It is also important to note that the total variance explained by the combined direct and indirect effects differs from the traditionally defined heritability, which is about direct effects only. However, it is a parameter of interest, as it defines an upper bound of genetic prediction from probands’ alleles. An implication is that the upper limit of genetic prediction for a trait could often be larger than the heritability (18).

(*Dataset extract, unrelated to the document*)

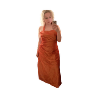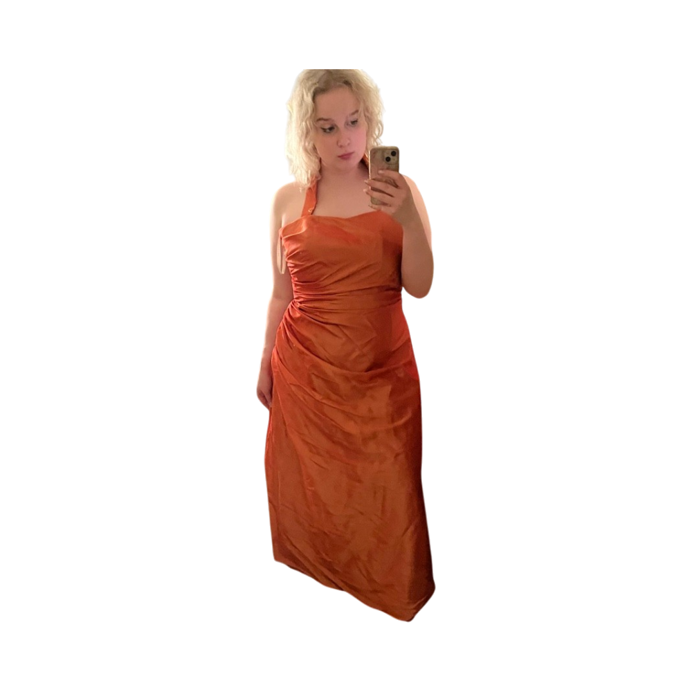Pitkä oranssi juhlamekko, olkaimellinen ja laskostettu vyötärö.

Some recent methodological developments
LD score regression
With the explosion of GWAS, approaches have been developed to better use and interpret their results. Notably, LD score regression (LDSC) was developed to distinguish the effects of confounding due to population stratification from causal genetic effects on GWAS test statistics (37). Assuming a highly polygenic architecture, the GWAS test statistic for an individual SNP is expected to increase with its LD score (a measure of the genetic variation tagged by a SNP through local LD), due to increasing correlation with causal variants. However, the average test statistic across all SNPs is raised by population stratification, due to correlation between alleles and differences in mean trait values between subpopulations (37–39). By estimating how much population stratification induced confounding inflates the average test statistic, the LDSC intercept can be used to adjust the GWAS test statistics. LDSC can also be used to estimate the correlation between SNP effects on different traits (22), to partition contributions to SNP heritability from different functional categories of variants (40), and to facilitate multi-trait meta-analysis (41).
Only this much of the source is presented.